Additionally, 3d based datasets are often clear examples of non-designed content, and the Shape Nets dataset, created by Princeton University and Stanford University, would be a clear example of that.In the paper ShapeNet: An Information-Rich 3D Model Repository, one of the reasons of the creation of dataset was to serve as a knowledge base for representing real-world objects and their semantics. As 3d content is becoming increasingly available and scanning methods is creating increasingly faithful 3D reconstructions of real environments Savva et al., 2015, the creators mainly scraped data from 3d model repositories. But when exploring the available taxonomies they share online,

Results of the queries: Woman from Shapenet - https://www.shapenet.org/taxonomy-viewer
Results of the queries: Mushroom from Shapenet - https://www.shapenet.org/taxonomy-viewer

it is clear that part of the dataset is filled with 3D renderings made by private furniture manufacturers, used to promote their brand; or alternatively it contains data which is not at all representing real objects. By looking at the repositories from which these data are coming from, it is clear that they are mostly filled with piles of random material.

Geography of datasets

“Information has always had geography. It is from somewhere; about somewhere; it evolves and is transformed somewhere; it is mediated by networks, infrastructures, and technologies: all of which exist in physical, material places” Graham et al., 2015.

Datasets are no exception. As previously demonstrated, the information they carry is a reflection of time, politics and geographical contexts.
Although, as already emphasised, there is a lot of attention on certain types of biases, there is still a lack of interest for the ones carried by the hidden geographies of datasets. If in Code/Space, Robert Kitchin and Martin Dodge wrote: Software matters because it alters the conditions through which society, space, and time, and thus spatiality, are produced, from what it has been stated in the current thesis we could rewrite the sentence by saying that data matters, because it alters the conditions through which society, space, and time, and thus spatiality, are produced.



Kitchin and Dodge (2011) argue that the production of space is increasingly dependent on code, and analyse how code is written to produce space. On the other hand Mark Graham (2015) is interested in how people and places are ever more defined by their virtual attributes and digital shadows. While Kitchin and Dodge focus on physical spaces, e.g. the airport check-in areas, Graham researches the ones that are invisible, e.g. the geographies shaped by network providers and website users, which he then maps and analyses.

The geographically uneven coverage of Wikipedia - https://geonet.oii.ox.ac.uk/blog/the-geographically-uneven-coverage-of-wikipedia-2/

As Graham's field of research, the Internet Geography, questions who controls, and has access to, our digitally-augmented and digitally-mediated worlds; this body of text addresses the same questions. Although this thesis only gives a hint of the geographies that datasets create, it is clear that, similar to Graham's work, these learning materials shape the digital environment in which they operate.

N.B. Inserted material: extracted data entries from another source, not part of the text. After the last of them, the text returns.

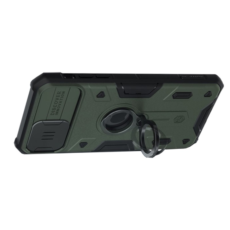 Etui Nillkin CamShield Armor do telefonu iPhone 11 posiada przeciwpoślizgową teksturę i mocny poliwęglanowy materiał, które niezawodnie ochronią smartfon podczas ekstremalnych aktywności na świeżym powietrzu. Etui jest ponadto wyposażone w rozsuwaną osłonę na aparat i uchwyt pierścieniowy z obrotem w zakresie 360 stopni, który może być używany do wygodnego trzymania lub oglądania multimediów.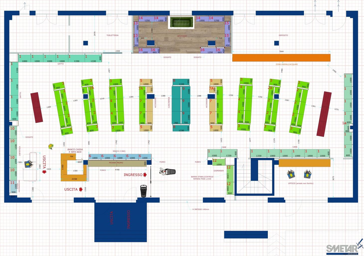 Smetar, nella progettazione di questo punto vendita, ha raccolto la sfida, impiegando il proprio reparto tecnico nella progettazione di un negozio altamente organizzato dal punto di vista funzionale, oltre dal forte impatto visivo.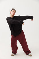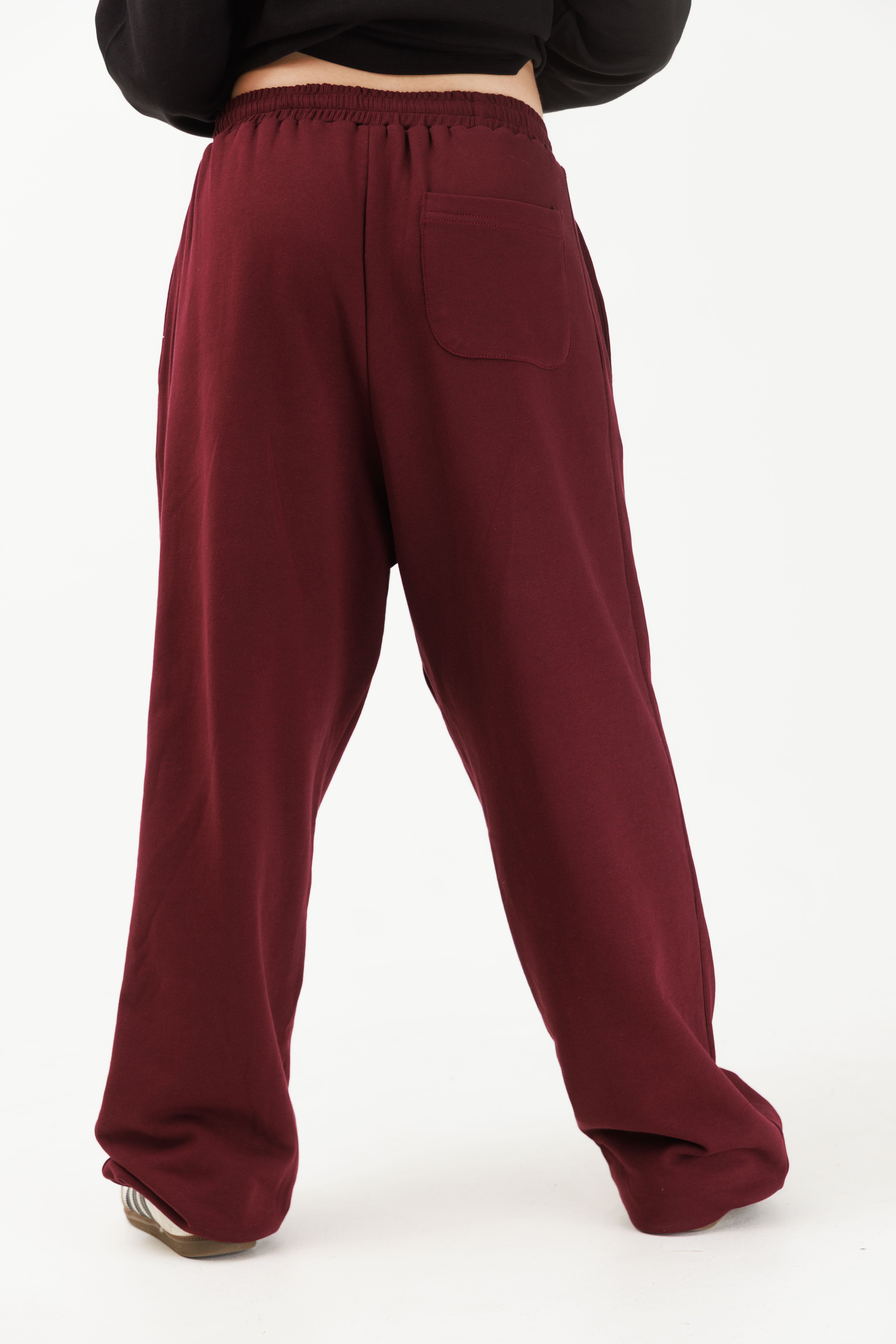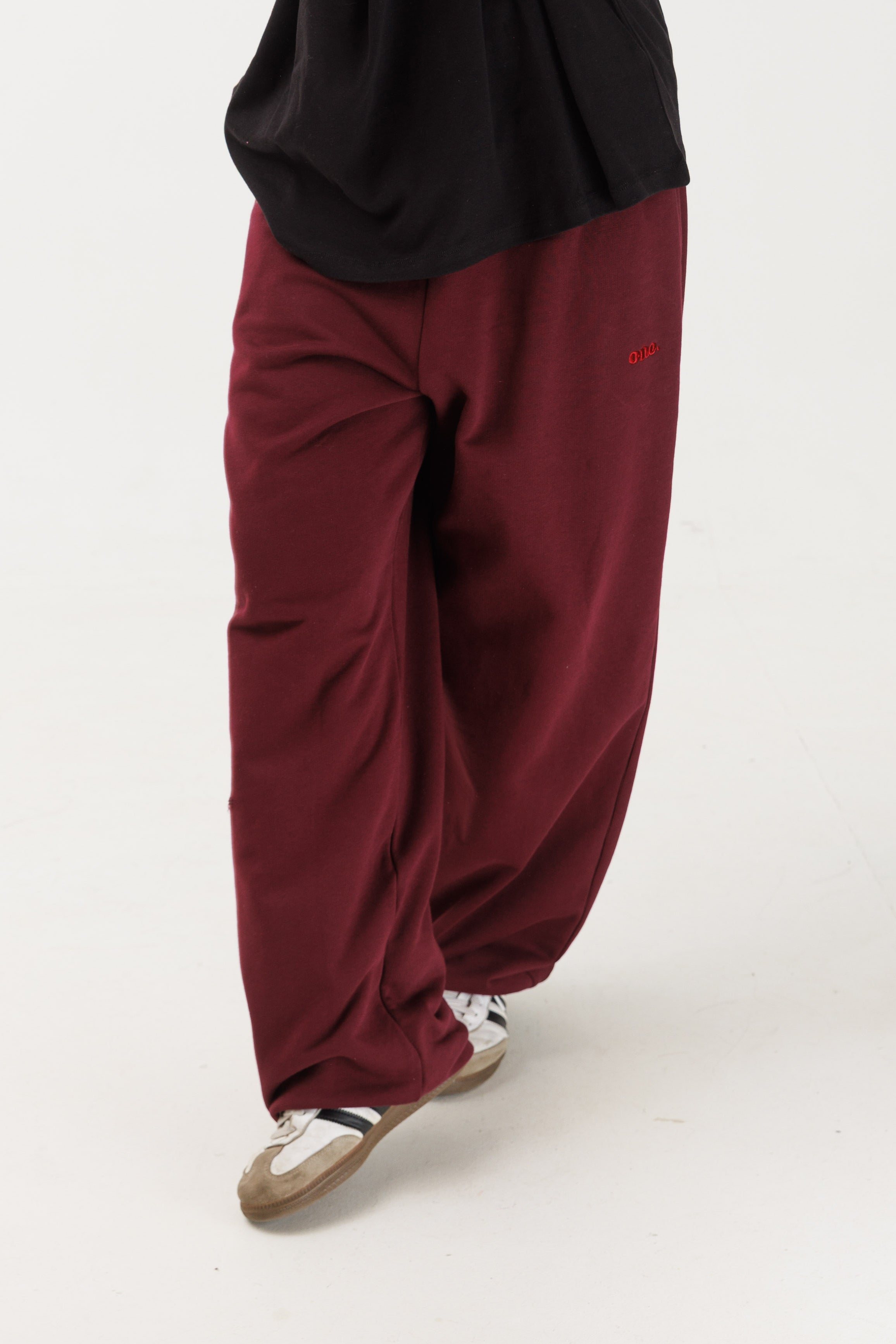 טרנינג פרנץ׳ טרי בצבע בורדו עם פס פטנט ולוגו רקום בצבע בורדו

Software produces multiple types of spatialities and datasets have their own geographic distribution. From the locations of their creators, that influence their browser navigation, to the digital platforms where the data is fetched, reaching until the original metadata of each source. All of these things are informational, but are also part of the place itself; they are part of how we enact and bring the place into being Kitchin & Dodge, 2011.



Firstly, datasets are shaped by the software-sorting geographies (un)willingly emphasised by their creators. Stephen D. N. Graham (2005) explains that the term software-sorting captures the crucial and often ignored role of code in directly, automatically and continuously allocating social or geographical access to all sorts of critical goods, services, life chances or mobility opportunities to certain social groups or geographical areas. Since the first step in the creation of a dataset is usually scraping data from the web, these last would be inherently filtered according to personal information, varying from individual to individual, but defined by search engines such as Google, Bing, Yahoo, etc.

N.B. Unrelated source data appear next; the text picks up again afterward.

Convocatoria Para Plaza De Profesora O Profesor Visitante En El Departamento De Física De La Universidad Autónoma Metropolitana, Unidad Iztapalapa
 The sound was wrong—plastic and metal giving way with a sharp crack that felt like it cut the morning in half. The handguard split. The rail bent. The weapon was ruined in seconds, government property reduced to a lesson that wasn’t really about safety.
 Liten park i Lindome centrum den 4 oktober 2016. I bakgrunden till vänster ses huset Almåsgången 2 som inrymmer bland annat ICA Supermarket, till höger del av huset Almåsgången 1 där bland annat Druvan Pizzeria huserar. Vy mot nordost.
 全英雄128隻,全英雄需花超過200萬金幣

Secondly, as explained with the previous case studies (e.g. the COCO dataset), the platform that distribute this data are absurdly Americocentric. Despite the goals of teaching machines how the world looks like, which researchers are pursuing, these geographies of information matter because they shape what is known, and what can be known about a place. And even in our age of connectivity, large parts of the planet remain left off the map.

As explained by Mark Graham and Antonello Romano at http://www.nocodegeography.com/geosocial/number-of-flickr-photographs-country/

At this moment we could ask ourselves what would be the point of mapping those datasets, if they originate from the same platforms that are already being studied by internet geographers.

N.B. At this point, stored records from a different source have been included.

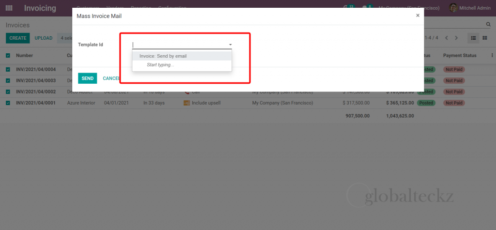 Odoo Mass invoice emailing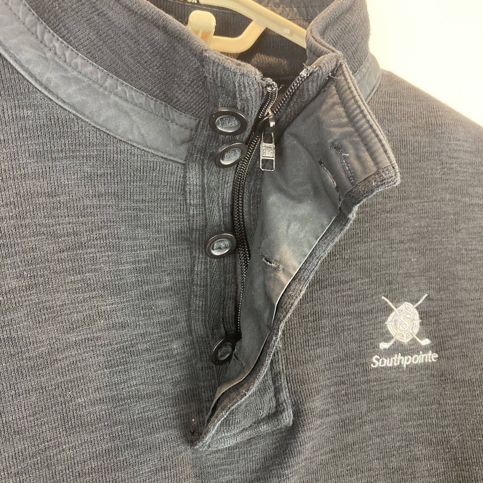 как выглядит Straight Down Golf Mens XL 1/4 Zip Button Henley Pullover Sweater Black Cotton фото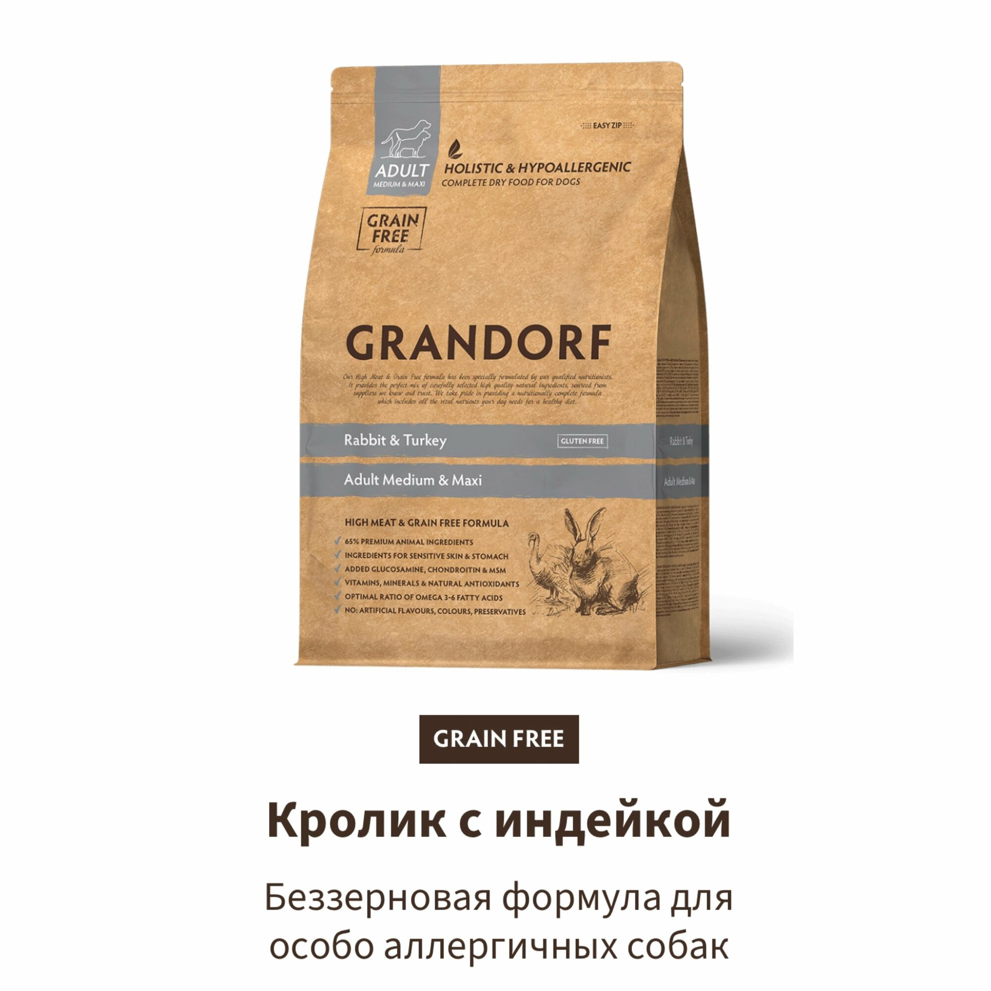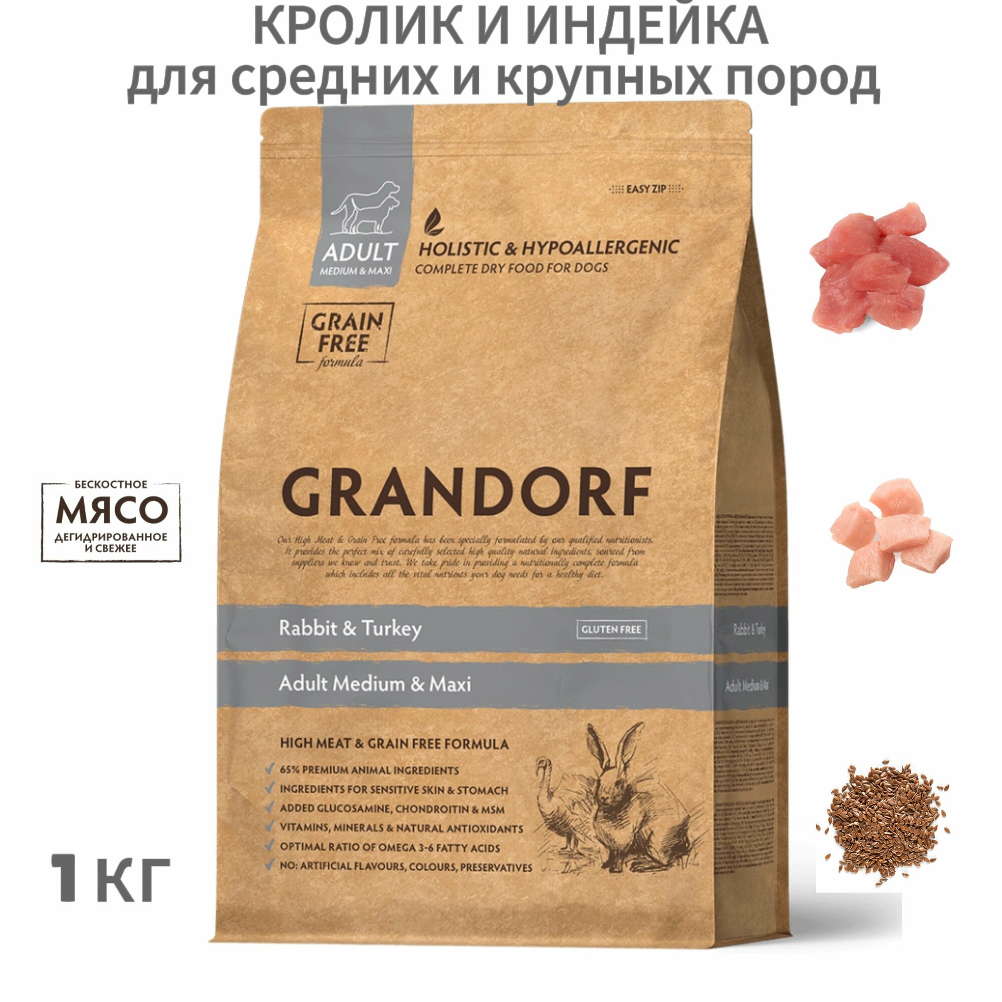 Сухой корм GRANDORF DOG Rabbit&Turkey MED&MAXI (кролик с индейкой для собак средних и крупных пород) 3 кг.

Firstly, what the current research shows, is how those materials are a collection of illegally retrieved files. Chunks of COCO’s sources on Flickr clearly point out that those specific images contain reserved rights according to Creative Commons licences. And secondly it shows that the previously analysed text embeddings and Labelled faces in the wild are clear examples of a composite of information which are fetched from different platforms and then merged together.
Finally these geographies of datasets also show how rarely researchers are the only teachers. The ever-growing use of platforms such as Amazon Mechanical Turk, allow large groups of individuals to participate in creating, tagging and describing data.



Introduced by Amazon in 2005, the marketplace is named after an 18th century “automatic” chess-playing machine, which was handily beating humans in chess games.
Of course, the robot was not using any artificial intelligence algorithms back then. The secret of the Mechanical Turk machine was a human operator, hidden inside the machine, who was the real intelligence source Ipeirotis, 2010. Today, as previously mentioned, Amazon Mechanical Turk is a marketplace for tasks that cannot be easily automated, which are then fulfilled by human users; thus allowing these employers to shape newer invisible geographies. But who are the workers that complete these tasks?



Ipeirotis’s analysis shows that the majority of the workers are operating in the United States, with an increasing proportion coming from India in the past few years. But these analysis, like Graham’s, study the overall usage of those platforms, whereas there are no traces of the turkers who helped shape any globally used dataset.



Datasets are accepted as unproblematic pictures of the real. The same applies to maps Wood & Fels, 1992. But, just like datasets, maps depict a subjective point of view Farinelli, 2009. Departing from this consideration, the field of critical cartography assumes that maps create reality as much as they represent it. Maps are active; they actively compose knowledge, they exercise power and they can be a powerful means of promoting social change Crampton & Krygier, 2015.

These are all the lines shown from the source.